On punt teams each lineman matches up with a rusher. This year that job has been made slightly more difficult by the existence of what the Raiders call the creeper, the rusher who's been displaced by the rule about lining up over the center. Regardless of the creeper's location, each punt-team lineman has to count from his left to pick up his man. The left wing blocks the outside rusher, the left tackle the second in line, the left guard the third in line, and so on. When San Diego played Oakland, the Chargers' left guard on the punt team was linebacker Antwan Applewhite. Cartwright was the third man from the left—Applewhite's guy. Cartwright got a late jump off the snap; Applewhite said he didn't see him and double-teamed the man to his right. Cartwright blocked the punt out of the end zone. Safety.
"If you're on a punt team and you can't count to three, you can't play there," said Crosby. So after the play, on the sideline, Crosby told Applewhite he was going to replace him; Crosby needed to be able to rely on the guard to block the third man in.

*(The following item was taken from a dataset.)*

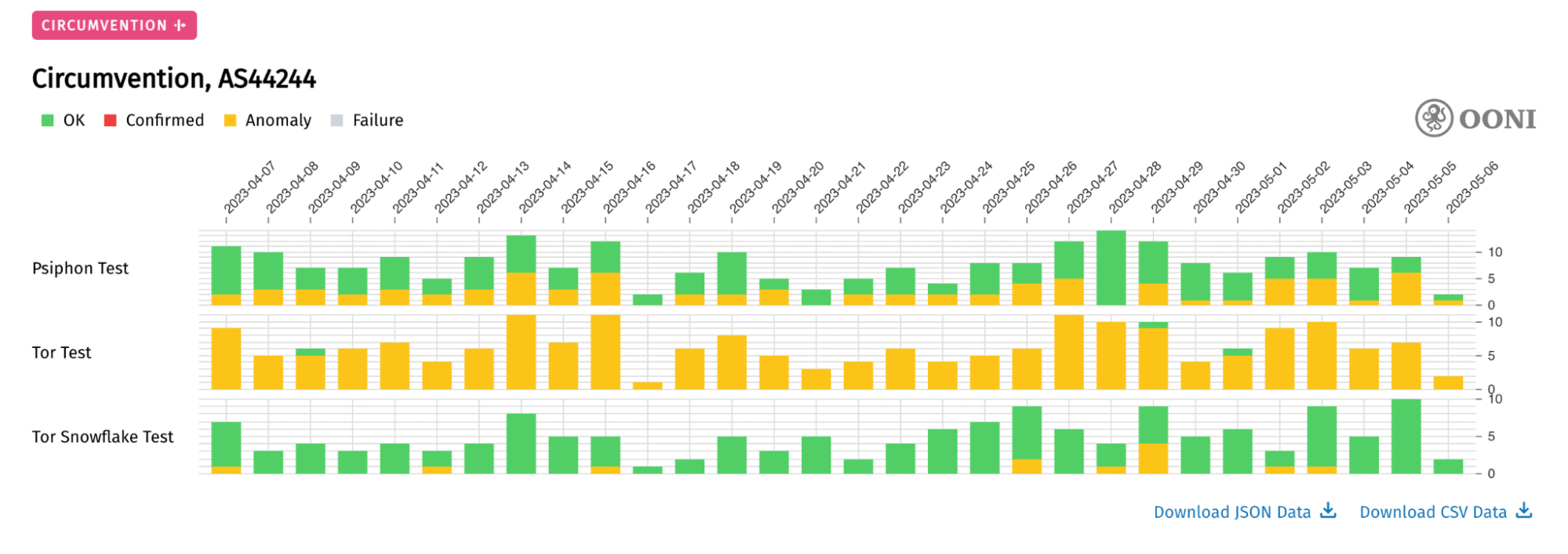 This chart enables you to view the testing coverage of these circumvention tools on the specific network, and to check if they present signs of potential blocking (this is suggested mainly for Tor, as we see that almost all measurements present anomalies).

"Coach," Applewhite said to him, "please don't do that to me. I'll never do it again."
Crosby relented. As Applewhite said later, "I made a bad decision on the play. They wanted to take me out, but I wanted to show them I could do it."
Three minutes later the Chargers lined up for another punt. Out trotted Applewhite to play guard. Across from him, to his left, was a new third man, tight end Brandon Myers. Incredibly—Crosby cannot believe it to this day—Applewhite again helped on a man already accounted for, leaving his gap unplugged. Here came Myers. Boom! Another block, this time for a touchdown.
"Those mistakes were uncharacteristic of me," said Applewhite.
"Totally unexplainable," said Crosby. "You've just got to block number three ... one, two, three."